Records from a dataset:
++++++++

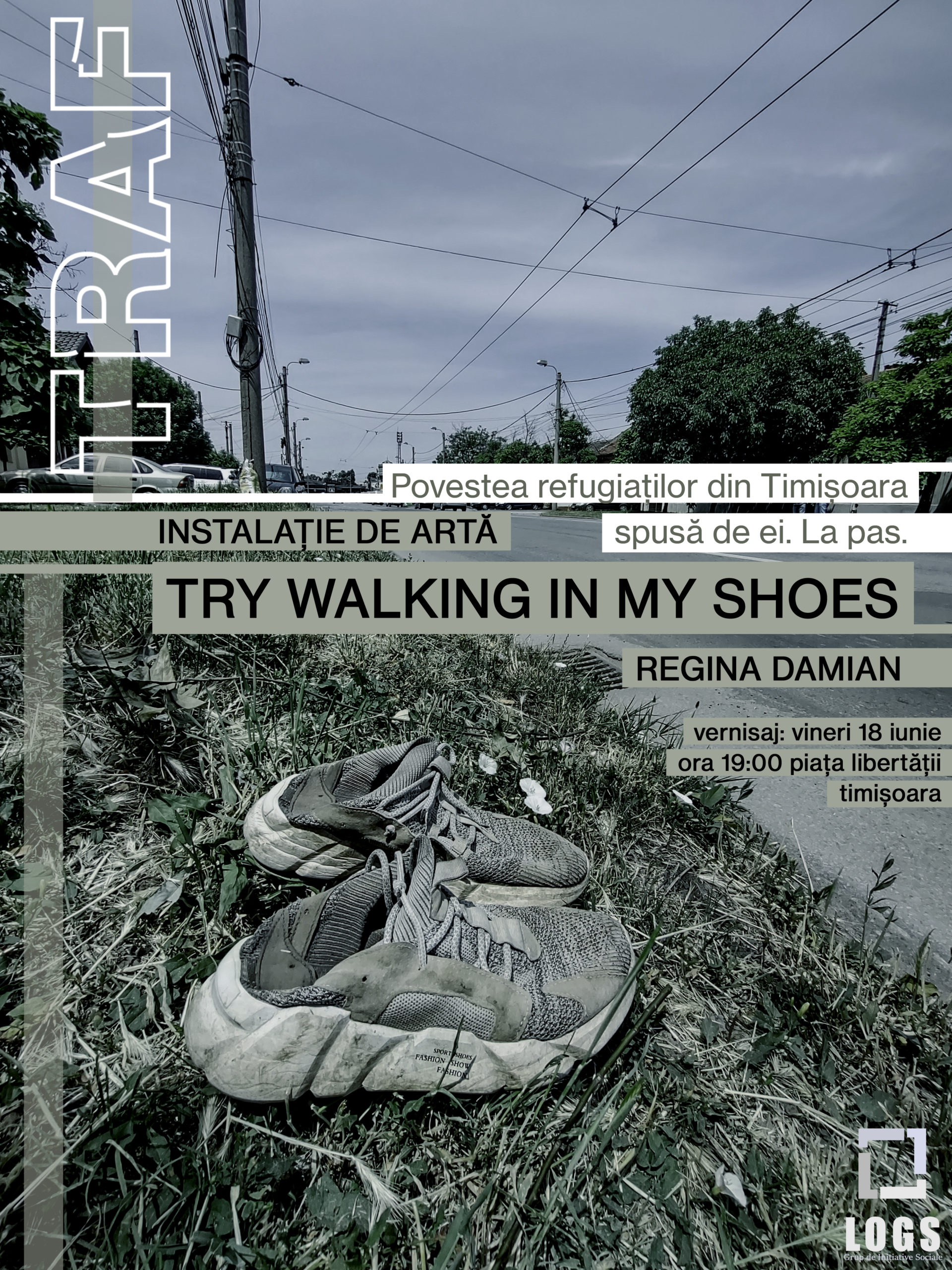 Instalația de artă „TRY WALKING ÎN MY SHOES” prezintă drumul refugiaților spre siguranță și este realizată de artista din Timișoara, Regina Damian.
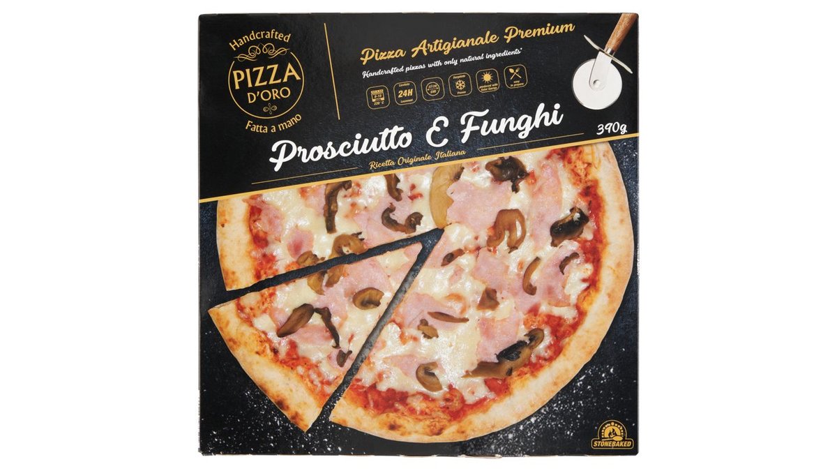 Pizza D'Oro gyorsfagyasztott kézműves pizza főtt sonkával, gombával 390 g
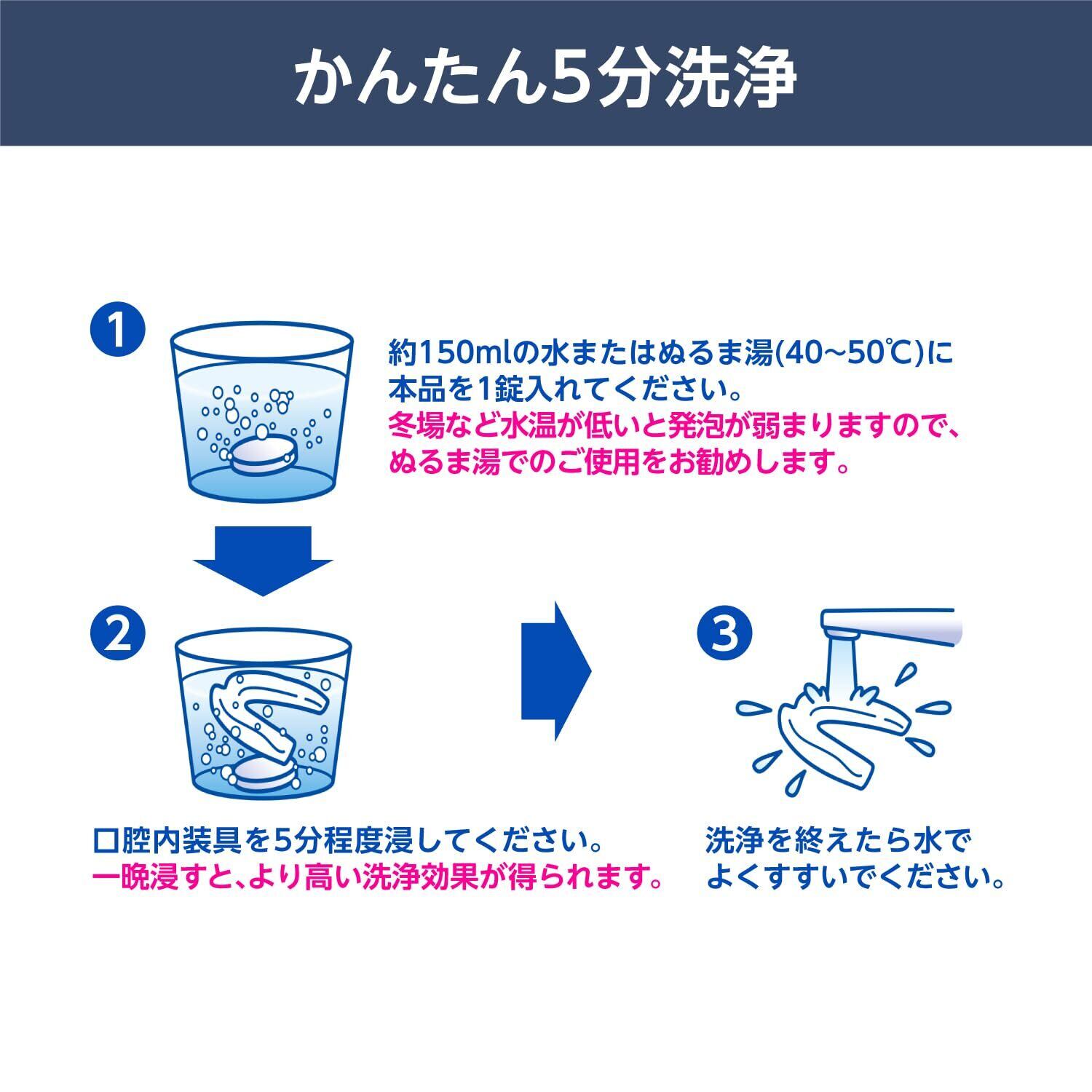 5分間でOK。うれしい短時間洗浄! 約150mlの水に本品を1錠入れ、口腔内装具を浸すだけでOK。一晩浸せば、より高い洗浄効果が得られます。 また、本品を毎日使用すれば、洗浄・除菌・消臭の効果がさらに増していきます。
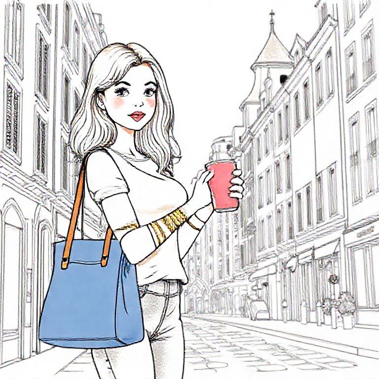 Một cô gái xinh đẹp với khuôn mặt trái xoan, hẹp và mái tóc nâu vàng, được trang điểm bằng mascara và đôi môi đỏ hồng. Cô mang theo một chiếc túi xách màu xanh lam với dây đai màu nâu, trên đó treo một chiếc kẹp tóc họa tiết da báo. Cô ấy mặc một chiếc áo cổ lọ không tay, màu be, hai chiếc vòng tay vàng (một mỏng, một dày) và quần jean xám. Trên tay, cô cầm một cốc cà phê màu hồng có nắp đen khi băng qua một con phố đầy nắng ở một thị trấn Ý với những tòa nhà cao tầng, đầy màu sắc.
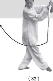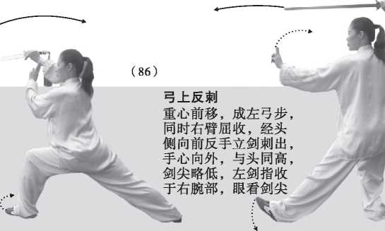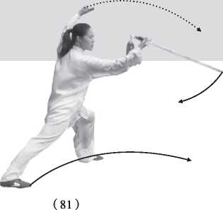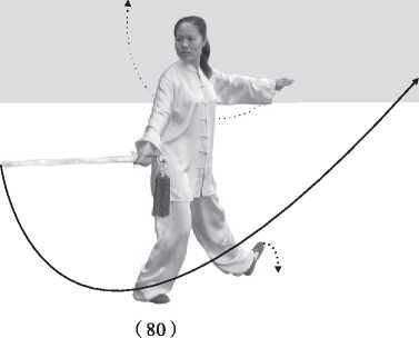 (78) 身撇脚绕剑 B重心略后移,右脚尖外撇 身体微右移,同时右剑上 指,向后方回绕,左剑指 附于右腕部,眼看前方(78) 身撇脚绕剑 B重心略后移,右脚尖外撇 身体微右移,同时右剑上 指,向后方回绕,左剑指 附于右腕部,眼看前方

++++++++

_Problem requirements_
Starting where a line contains "Một cô gái xinh" and finishing at the last line above, set down every line exactly as it reads, with no pictures.

_Exercise output_
 Một cô gái xinh đẹp với khuôn mặt trái xoan, hẹp và mái tóc nâu vàng, được trang điểm bằng mascara và đôi môi đỏ hồng. Cô mang theo một chiếc túi xách màu xanh lam với dây đai màu nâu, trên đó treo một chiếc kẹp tóc họa tiết da báo. Cô ấy mặc một chiếc áo cổ lọ không tay, màu be, hai chiếc vòng tay vàng (một mỏng, một dày) và quần jean xám. Trên tay, cô cầm một cốc cà phê màu hồng có nắp đen khi băng qua một con phố đầy nắng ở một thị trấn Ý với những tòa nhà cao tầng, đầy màu sắc.
 (78) 身撇脚绕剑 B重心略后移,右脚尖外撇 身体微右移,同时右剑上 指,向后方回绕,左剑指 附于右腕部,眼看前方(78) 身撇脚绕剑 B重心略后移,右脚尖外撇 身体微右移,同时右剑上 指,向后方回绕,左剑指 附于右腕部,眼看前方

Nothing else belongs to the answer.